Autor Wątek: Torba na kierownicę (a'la Ortlieb) + bikepacking / maratony  (Przeczytany 10684 razy)

Offline Mężczyzna 4gotten

  • Wiadomości: 1829
  • Miasto: Stargard
  • Na forum od: 26.08.2012
Przynajmniej w przypadku ultramaratonów to się z lemondką gryzie.
Wcale nie musi.
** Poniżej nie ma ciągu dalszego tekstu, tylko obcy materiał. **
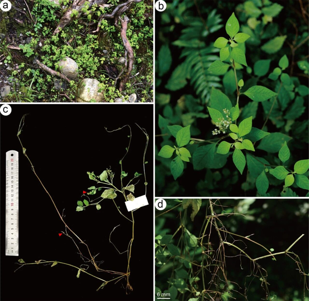 1.墨脱冰岛蓼(Koenigia medogensis Bo Li):该物种隶属于蓼科冰岛蓼属,由中国科学院西双版纳热带植物园研究团队发表于《Ecology and Evolution》。研究人员通过整合形态学(具极短花柱与盘状蜜腺)、孢粉学(具细刺状外壁的Koenigia型花粉)及分子系统发育分析,确认其为一个独立物种,并与绢毛蓼(K. mollis)构成姊妹群关系。其最显著的进化特征在于演化出“双珠芽”营养繁殖策略:在侧枝顶端形成不脱落的珠芽,通过匍匐茎产生克隆植株;同时在花序基部形成可脱落的珠芽。该策略在蓼科内属首次报道,被认为是保障其在持续高湿的季风气候环境中有效拓殖与定植的关键适应机制。
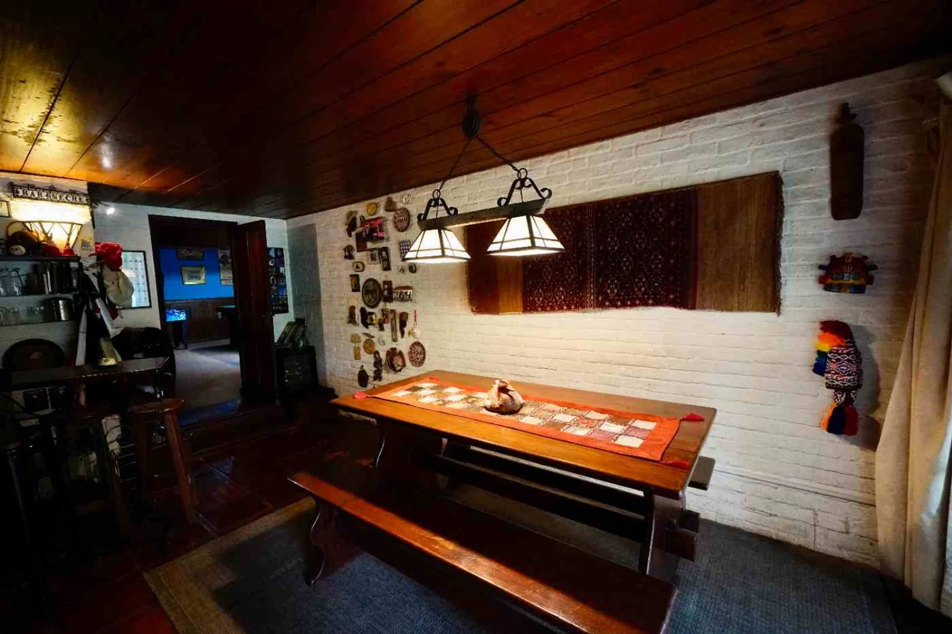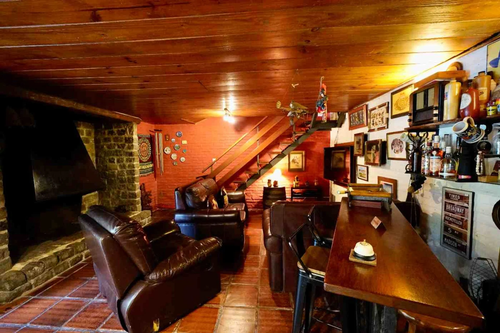 El espacio exterior se completa con una barbacoa de gran tamaño, equipada con living con estufa a leña, zona de juegos (mesa de pool y flipper), y gran depósito de guardado.

Na zdjęciu rozwiązanie podpatrzone na TransAm - trochę słabo widać na tym zdjęciu, ale jest to torba mocowana do lemondki, górna klapa jest na rzepach, było to całkiem spore, mały aparat i garść batonów się mieszczą. Dodatkowo na klapie umieszczony mapnik bo właściciel tej maszyny nie używał podczas TransAm żadnego gps'a

To chyba ten co tak gnał na początku, ale na dłuższą metę pozycja aero I brak gps się nie sprawdziły  ;) Z tego co kojarzę to daleko nie zajechał. Wydawało mi się, że bardziej chodziło mu o zareklamowanie swoich rowerów niż dojechanie do mety :icon_confused:
dalej przed siebie... najlepiej po asfalcie ;-)

Offline Wilk

  • Wiadomości: 19866
  • Miasto: Warszawa
  • Na forum od: 09.07.2006
    • Wyprawy Rowerowe
Wcale nie musi. Na zdjęciu rozwiązanie podpatrzone na TransAm - trochę słabo widać na tym zdjęciu, ale jest to torba mocowana do lemondki, górna klapa jest na rzepach, było to całkiem spore, mały aparat i garść batonów się mieszczą. Dodatkowo na klapie umieszczony mapnik bo właściciel tej maszyny nie używał podczas TransAm żadnego gps'a

Ale to już jest co innego, bo to torba customowa dopasowana do konkretnego roweru. A klasycznej torby Ortlieba (a o tym była mowa) nie zmieścisz już sensownie pod lemondką w większości rowerów, a nawet jak zmieścisz to dostęp do niej bedzie słaby, wiec traci sie spora zaletę tej torby.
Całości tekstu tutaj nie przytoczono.